Subscribe

NDMP backup failure for large file system after 16hrs

Hello Friends,

 

NDMP Backup is failing with netbackup status code 99 for a File system of size 17 TB after 16 hrs from the start of the backup. No Progress in any of the NDMP phases.

 

 

Filer Backup logs:

 

dmp Sun Jan 22 02:00:43 CST 2017 /vol/pool2/(7) Error (job aborted)
dmp Sun Jan 22 02:00:43 CST 2017 /vol/pool2_1/(7) Tape_close (ndmp)
dmp Sun Jan 22 02:00:43 CST 2017 /vol/pool2_1/(7) Abort (0 MB)
dmp Sun Jan 22 02:00:43 CST 2017 /vol/pool2_1/(7) Log_msg (reg inodes: 3232764 other inodes: 22265 dirs: 165388 nt dirs: 0 nt inodes: 0 acls: 0)
dmp Sun Jan 22 02:00:43 CST 2017 /vol/pool2_1/(7) Log_msg (Phase 1 time: 0)
dmp Sun Jan 22 02:00:43 CST 2017 /vol/pool2_1/(7) Log_msg (Phase 3: directories dumped: 0)
dmp Sun Jan 22 02:00:43 CST 2017 /vol/pool2_1/(7) Log_msg (Phase 3: wafl directory blocks read: 0)
dmp Sun Jan 22 02:00:43 CST 2017 /vol/pool2_1/(7) Log_msg (Phase 3 throughput (MB sec): read 0 write 0)
dmp Sun Jan 22 02:00:43 CST 2017 /vol/pool2_1/(7) Log_msg (Percent of phase3 time spent for: reading inos 0% dumping ino 0%)

 

Netbackup logs:

 

01/08/2017 10:45:41 - Error ndmpagent (pid=51001) aborting operation - no mover progress

01/08/2017 10:45:43 - Error ndmpagent (pid=51001) NDMP backup failed, path = /vol/pool2_1/

01/08/2017 10:45:43 - Info ndmpagent (pid=51001)  tapprd01-b: DUMP: job aborted

01/08/2017 10:45:43 - Info ndmpagent (pid=51001)  tapprd01-b: DUMP: DUMP IS ABORTED

 

I have tried a dump with null to this volume , it works fine (cmd used ::"dump -0f null /vol/pool2_1")

 

Not sure on the trace of this issue.

 

Thanks
Saran

 

Re: NDMP backup failure for large file system after 16hrs

Unfortunately this doesn't tell us anything except the dump was aborted.

I would recommend you to enable ndmp debug logs prior to the backup start

following this kb

https://kb.netapp.com/support/s/article/how-to-enable-ndmp-debugging-in-data-ontap

then as soon as backup failed collect ndmp and backup logs with mentioning what volume was backed up time of start\fail

then open a case to Netapp with provided collected data

Re: NDMP backup failure for large file system after 16hrs

  1. Error 99 is a generic error, used for NDMP backup to disk or tape.

    You may be out of resources because your filer reached the maximum number of threads.
    Because you're backing up to tape, you might want to try the steps in this article:

    https://kb.netapp.com/support/s/article/ka11A00000015mnQAA/troubleshooting-workflow-ndmp-backup-fails-to-start?language=en_US

  2. There are NDMP session limititations for either disk or tape backups.  Take a look at this article:

    https://kb.netapp.com/support/s/article/ka21A0000000j8DQAQ/how-do-ndmp-session-limitations-work-with-data-ontap-8-2-and-later?language=en_US

    Dump and Restore sessions: These are NDMP sessions directly responsible for backing up data to and from disk or tape.
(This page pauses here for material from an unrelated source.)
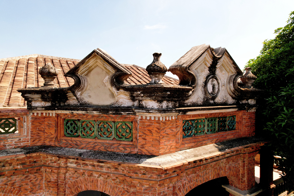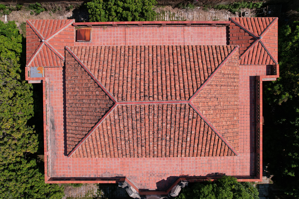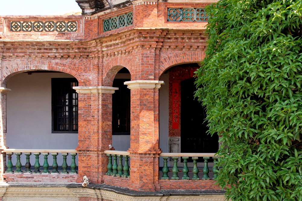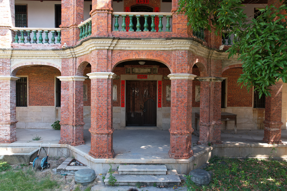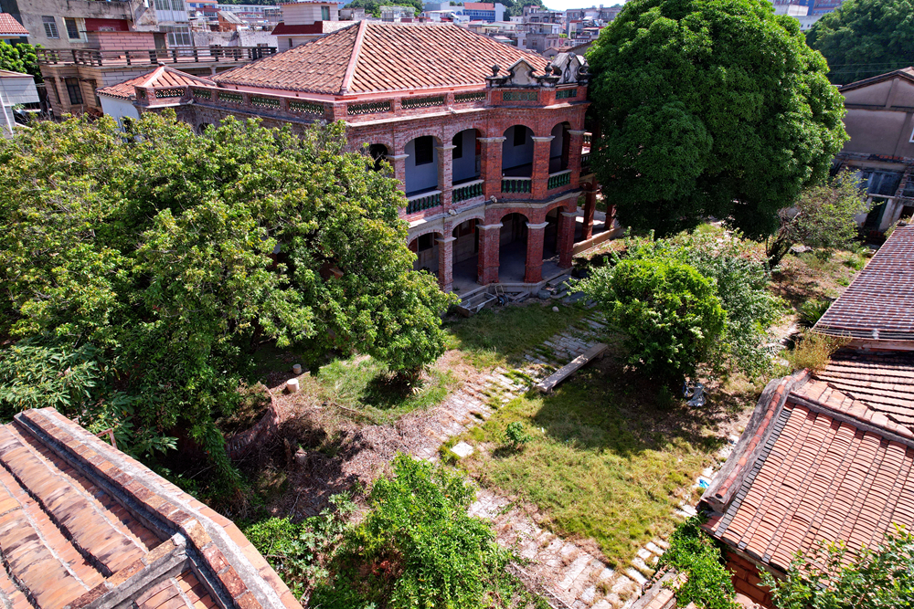 穿过官式大厝,向里走便是宋宅郁郁葱葱的后花园,园内绿植遍地,鹅卵石铺路,十来棵龙眼树环绕着中间的洋楼。洋楼坐北朝南,厅堂居中,两侧各有二间对称的房间;四面回廊环绕,一道道椭圆形拱顶与红砖廊柱相间,别有巴洛克风情;内部宽敞舒适,一楼和二楼各有四个大房间和一个大厅。

They interface with the NDMP data or tape service.

    Control or 'common' sessions: These are bi-directional NDMP control connections responsible for NDMP control commands or messages between the NDMP client (typically a backup application) and the NMDP server (typically a NetApp Storage Controller)

            NDMPsessions.PNG

 

Re: NDMP backup failure for large file system after 16hrs

[ Edited ]

We have decided to split the backup with sub folders of multiple policy. Hope it might work well, however still doesn't understand cause of this issue.